第一卷 三子離散 四十九章 紫蜂十四日,各路歸奇石
“殤大俠這號兒人物,我竟從來沒聽說過。”敖慶拿捏著血淋淋的箭,眉頭緊皺,道,“小兄弟,你認識麽?”
李陌星搖頭,許是因為屋裏太暗,敖慶沒有看見。
“嘖,問你話呢。”
“不認識……”
“如此說來,一個野路子,因仇恨,取了我鷹門三條性命。”
“沒有三條,就兩條.……”李陌星說著,突然瞪大眼睛,驚恐道,“你說鷹門殞命三條,難不成我父他.……”
“我說的不是你父親。”敖慶指了指死鳥,道,“這是我鷹門棋鷹,可與人命相提並論。”
“這便是棋鷹!?”李陌星裝出吃驚的語氣,道,“那它是不是可以幫忙找到我的父親?”
“它已經死了……”
“聞說鷹門有棋鷹八千,總不會全都死了吧?”
“小小年紀,說話竟這般毒。”敖慶把門開了個縫兒,一邊往外張望,一邊道,“鷹門雖有棋鷹八千,可阡陌卻有土一千八百萬,光是陌土,就足有一千一百萬。八千棋鷹,如何夠用?”
李陌星無所謂地點了點頭,道:“破宅已查,護法的事情想必也辦完了,現在,是不是應該著手尋找我父?”
“不急,還有一處疑問。”敖慶推開門,放光入室,然後抬起殷離閏的下巴,道,“致命傷在胸口,脖子上的割痕是死後造成的,那‘殤大俠’為何要割開一個死人的脖子?”
“.……”
“問你話呢。”
李陌星聽了,指著自己的鼻子,道:“問我?”
“你不是在場麽?”
“我……我見殷離閏中了刀子,心裏害怕,便跑了.……”
“害怕?”敖慶指了指宋三,道“他死到現在,也不見得你有多害怕。”
“方才你問我話,我搖頭,你不也沒看見麽?”李陌星頓了一下,道,“我隻不過擅長壓製心裏恐懼罷了,否則那晚也不會折轉回去找父親,更不會遭那‘殤大俠’擒拿.……”
敖慶又盯著李陌星看了好一會兒,道:“走吧!”
“哪裏去?”
“去幫你尋找父親。”
“真的!?”李陌星裝作欣喜,猛地站起身,便要往破宅外跑去。
就在他的身體暴露在陽光下的一瞬間,屋外又響起“嗖——”的一聲,一支利箭照著李陌星的麵門直射而來。

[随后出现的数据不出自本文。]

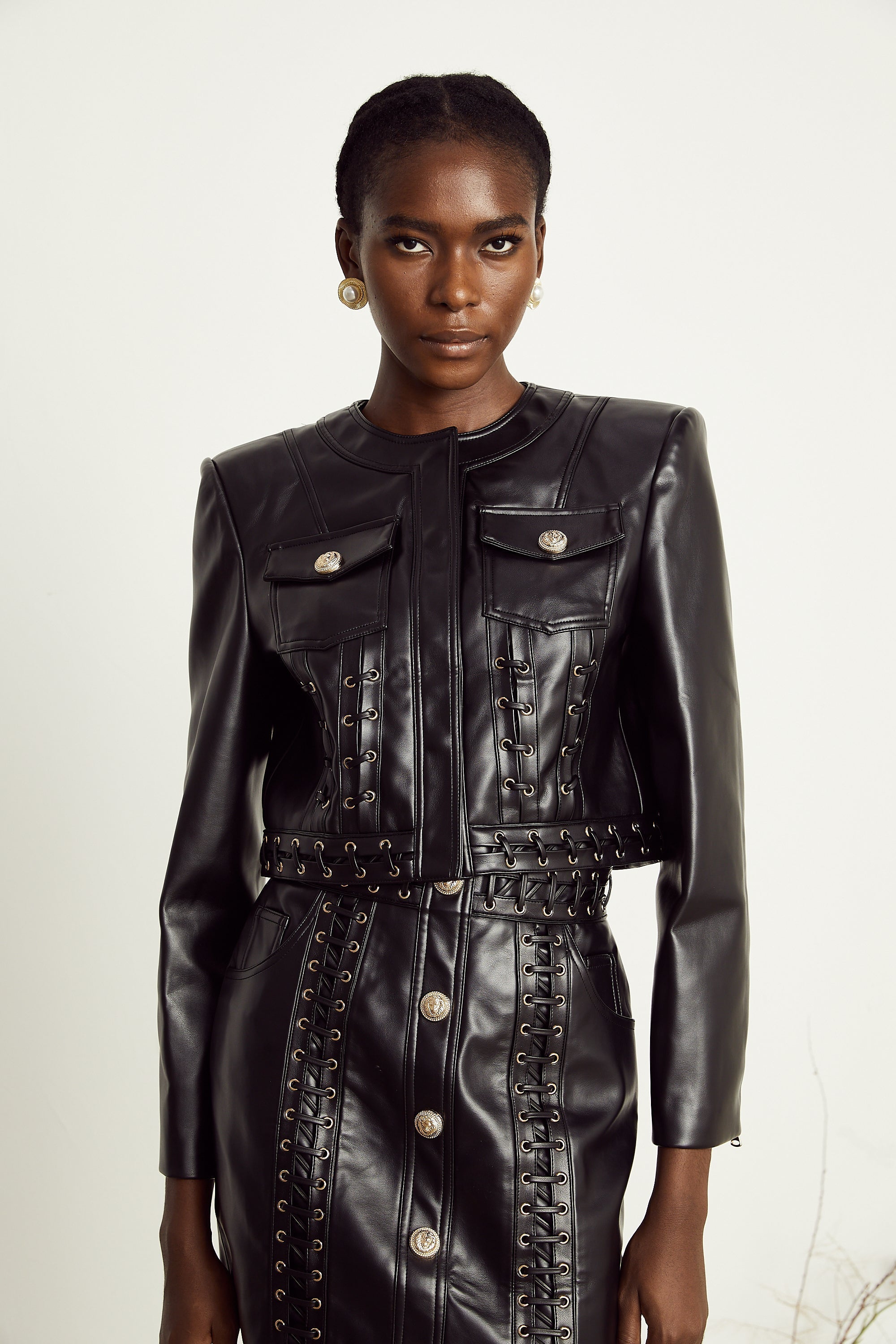 • Kabartmalı altın tonlu düğmeler

李陌星愣在原地,嘴巴張得老大,臉色蒼白,眼神無光。他根本不知道有這一出,也沒有任何辦法去應對,隻能像是一隻待宰的羔羊,一動不動。
好在此次敖慶早有防備,隻見他雙眼犀利,把腰間短刃朝李陌星的
後腦擲去,然後手指隔空一捏,往後一拉,短刃竟貼著李陌星的脖頸,拐了個彎兒,繞到麵前,把那利箭擋了下來。
“叮!”
利箭在空中快速翻轉了幾下,插在了地上,短刃則是又回到了敖慶的腰間。
“呼——”
李陌星大喘著氣,一屁股坐在地上,餘悸未消。
敖慶心知此處留不得人,於是一把拽起李陌星,破門而出,往西而去……
不遠處,斷壁殘垣後,神秘漢子把短弓交到一老者手上,道:“守宮俊,我怎麽也沒想到,他口中所言的那個人,竟是你。”

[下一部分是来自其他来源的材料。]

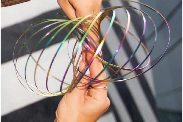 These kinetic, interactive sculptures roll up and down your arms with a feather-light touch. But they’re not really rings at all. Each MOZI is actually a single, long piece of very thin metal, curved into interconnected spirals.

“哈哈哈,彼此彼此。”老者笑道,“今日十四,距離武學課還有三天,她該來了……”
“她已經來了。”
“什麽!?這麽快!?”老者驚道,“她現在在哪兒?”
“清水鎮,奇石酒樓。”
“奇石酒樓.……林栩正在那裏!”老者慌忙道,“快去!莫要讓她把林栩帶走!”
……
奇石酒樓,是清水鎮唯一的一個酒樓,地處鎮西口繁華之處。說是酒樓,其實也不過三層,隻比其他酒館多出一層罷了。
林栩不飲酒,隻把茶來喝。
他端坐在三樓欄杆旁,跟個小大人似的,品茶品得有模有樣。
三樓空虛,除他外,隻有袁木璽立於身旁。
“黑衣處理掉了?”林栩問。
“處理掉了。”
“短弓呢?”
“按吩咐,扔在了櫃台後麵。”
林栩點了點頭,道:“很好,接下來,交給他們去辦。”
“三少爺,您到底要做什麽?他們又是誰?”
林栩道:“這個說不得,木璽叔叔與其操心這些,倒不如想想,怎麽應對樓下的捕官。”
袁木璽倒也聰明,他一抱拳,道:“皆為少爺謀,但聽少爺吩咐!”
“好一個皆為少爺謀!”林栩指著麵前的坐墊,道,“木璽叔叔,請坐下與我一起飲茶,您是父親的人,我自然不會把茶漬濺到您的身上。”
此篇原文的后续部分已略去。